Posts Tagged ‘ancient persia’

longest night

Sunday, December 24, 2006

sunrise.jpg Friday was the longest night of the year, a holiday observed by the watered down decedents of the Persian Empire by staying up late reading poetry with our families. We didn’t celebrate this year, but today some Iranians I had never met before came to my mother’s apartment. They admired the bulbous brass lamp hanging above the dining room table (now housing a light bulb instead of an oil dish), the old tile on display, a samovar. We drank tea from small glass cups rested in silver holders and discussed the ill-preserved Empire from which they had emigrated and the cherished objects imported and restored in the years since.
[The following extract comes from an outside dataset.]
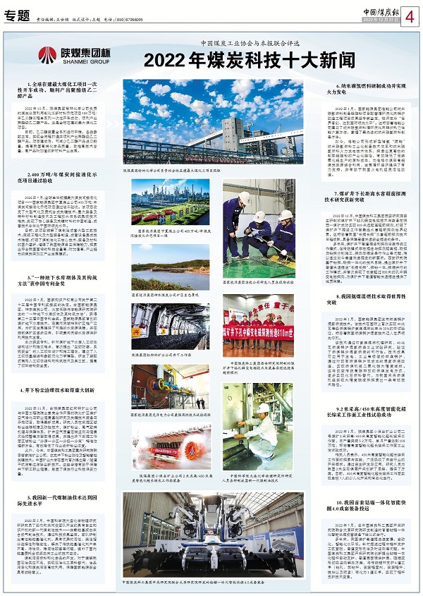 2022年12月31日,中國(guó)煤炭工業(yè)協(xié)會(huì)與中國(guó)煤炭報(bào)聯(lián)合評(píng)選并發(fā)布2022年煤炭行業(yè)十大新聞、煤炭科技十大新聞、煤炭企業(yè)十大新聞,陜煤集團(tuán)多條新聞獲評(píng)入選,展現(xiàn)了2022年企業(yè)發(fā)展多個(gè)領(lǐng)域的成績(jī)。 其中,2022年煤炭行業(yè)十大新聞第5條《煤炭企業(yè)國(guó)企改革三年行動(dòng)成效顯著》提到:陜煤集團(tuán)形成了“第一議題”制度全覆蓋、董事會(huì)應(yīng)建盡建全覆蓋,黨委會(huì)前置研究重大經(jīng)營(yíng)管理事項(xiàng)清單全建立、董事會(huì)重大決策部署跟進(jìn)督辦機(jī)制全建立的“兩覆蓋、兩建立”工作機(jī)制;修訂完善現(xiàn)代企業(yè)法人治理結(jié)構(gòu)等16項(xiàng)改革及相關(guān)制度,外部董事占多數(shù)企業(yè)完成率達(dá)100%。 同時(shí),《全球在建最大煤化工項(xiàng)目一次性開(kāi)車成功,順利產(chǎn)出聚酯級(jí)乙二醇產(chǎn)品》《井下粉塵治理技術(shù)取得重大創(chuàng)新》《2米采高/450米高度智能化超長(zhǎng)綜采工作面工業(yè)性試驗(yàn)成功》入選2022年煤炭科技十大新聞;《陜煤集團(tuán)參與制定的三項(xiàng)化工用煤國(guó)家標(biāo)準(zhǔn)實(shí)施》2022年煤炭企業(yè)十大新聞,并選用“陜煤集團(tuán)榆林化學(xué)年產(chǎn)180萬(wàn)噸乙二醇工程打通全流程”新聞圖片。 2022年煤炭行業(yè)十大新聞《煤炭企業(yè)國(guó)企改革三年行動(dòng)成效顯著》:2022年是國(guó)企改革三年行動(dòng)收官之年,各大型國(guó)有煤炭企業(yè)紛紛交出優(yōu)異成績(jī)單。國(guó)家能源集團(tuán)國(guó)企改革三年行動(dòng)主體任務(wù)基本完成,應(yīng)建董事會(huì)范圍內(nèi)的508家企業(yè)全部實(shí)現(xiàn)應(yīng)建盡建和外部董事占多數(shù);經(jīng)理層任期制和契約化管理更加精準(zhǔn),收入分配持續(xù)向基層一線和關(guān)鍵崗位傾斜。陜煤集團(tuán)形成了“第一議題”制度全覆蓋、董事會(huì)應(yīng)建盡建全覆蓋,黨委會(huì)前置研究重大經(jīng)營(yíng)管理事項(xiàng)清單全建立、董事會(huì)重大決策部署跟進(jìn)督辦機(jī)制全建立的“兩覆蓋、兩建立”工作機(jī)制;修訂完善現(xiàn)代企業(yè)法人治理結(jié)構(gòu)等16項(xiàng)改革及相關(guān)制度,外部董事占多數(shù)企業(yè)完成率達(dá)100%。河南能源集團(tuán)國(guó)企改革三年行動(dòng)方案中的164項(xiàng)具體任務(wù)已全部完成,中國(guó)特色現(xiàn)代企業(yè)制度更加成熟定型,產(chǎn)業(yè)資產(chǎn)結(jié)構(gòu)更加優(yōu)化,市場(chǎng)化經(jīng)營(yíng)機(jī)制進(jìn)一步完善,企業(yè)自主創(chuàng)新活力更加充足。 2022年煤炭科技十大新聞《全球在建最大煤化工項(xiàng)目一次性開(kāi)車成功,順利產(chǎn)出聚酯級(jí)乙二醇產(chǎn)品》:2022年10月,陜煤集團(tuán)榆林化學(xué)公司負(fù)責(zé)的煤炭分質(zhì)利用制化工新材料示范項(xiàng)目180萬(wàn)噸/年乙二醇工程單系列一次性開(kāi)車成功,順利產(chǎn)出聚酯級(jí)乙二醇產(chǎn)品。這是全球在建的最大煤化工項(xiàng)目。 目前,乙二醇裝置全系列運(yùn)行平穩(wěn),各類參數(shù)正常,實(shí)現(xiàn)全流程打通并順利產(chǎn)出聚酯級(jí)乙二醇產(chǎn)品。項(xiàng)目建成后,可減少乙二醇產(chǎn)品進(jìn)口數(shù)量,提高我國(guó)高端化學(xué)品質(zhì)量,助推高技術(shù)含量、高產(chǎn)品附加值的新材料產(chǎn)業(yè)發(fā)展。 2022年煤炭科技十大新聞《井下粉塵治理技術(shù)取得重大創(chuàng)新》:2022年11月,由陜煤集團(tuán)紅柳林礦業(yè)公司與中國(guó)工程院院士袁亮合作開(kāi)展的陜北礦區(qū)煤礦空氣凈化與職業(yè)健康基礎(chǔ)研究及關(guān)鍵技術(shù)裝備與示范項(xiàng)目,取得最新成果。研究人員在采掘區(qū)域粉塵運(yùn)移規(guī)律及防控技術(shù),煤礦粉塵、尾氣致病機(jī)理與保障體系,礦井空氣質(zhì)量在線監(jiān)測(cè)與健康風(fēng)險(xiǎn)預(yù)警等方面取得成果,并提出井下采掘工作面區(qū)域粉塵“分源—分區(qū)—分級(jí)—分策”精準(zhǔn)治理新方法,有效降低了作業(yè)場(chǎng)所粉塵濃度。 此外,今年,中國(guó)煤炭科工集團(tuán)重慶研究院聯(lián)手曹家灘礦業(yè)公司,攻克井下粉塵防治及智能管控關(guān)鍵技術(shù);中國(guó)礦業(yè)大學(xué)在國(guó)內(nèi)首次提出巷/隧道干式濾筒過(guò)濾除塵新技術(shù)。這些舉措有助于保障井下職工職業(yè)健康,彰顯了煤炭行業(yè)科技保安力量。 2022年煤炭科技十大新聞《2米采高/450米高度智能化超長(zhǎng)綜采工作面工業(yè)性試驗(yàn)成功》:2022年1月,陜煤集團(tuán)小保當(dāng)?shù)V業(yè)公司二號(hào)煤礦2米采高/450米高度智能化超長(zhǎng)綜采工作面,日產(chǎn)量突破5.2萬(wàn)噸、單月產(chǎn)量達(dá)到108萬(wàn)噸,標(biāo)志著高度智能化超長(zhǎng)綜采工作面工業(yè)性試驗(yàn)成功。 相關(guān)人員表示,450米高度智能化超長(zhǎng)綜采工作面的探索與實(shí)踐,廣泛吸收了來(lái)自行業(yè)的開(kāi)采需求。通過(guò)自主研發(fā)與應(yīng)用,研究人員為我國(guó)2米左右煤層開(kāi)采創(chuàng)新了思路、提供了方案。目前,450米高度智能化超長(zhǎng)綜采工

It was a valuable lesson in zero waste and recycling.

If the fragile inlay of a mosaic picture frame buckles in the humidity of this non-desert land, wet it down to mold it back into place. Worn antique embroidery should be protected behind glass and mounted on walls. Draw the shades when leaving the house to keep the sun from bleaching silk-woven carpets. Miniatures of kings holding court, couples reclining on plushy cuddler recliners and horses charging can be displayed in shadow boxes built from small shelves covered in black velvet and fitted to a large antique frame. Simple Persian bedspreads can be cut and sewn around cheap pieces of foam to create a luxurious Bedouin effect in any living room, much cheaper than purchasing furniture when one first arrives in a new country.

I looked around at the things that covered the floors and shelves and walls of the rooms I grew up in and saw them for the first time as symbols of a nomadic culture, started long ago on another continent, but carried on by me and my sister as we dutifully cart our carpets and picture frames from one New York apartment to the next. These things were built to weather skirmishes and sand storms. They were designed to be portable. And to last.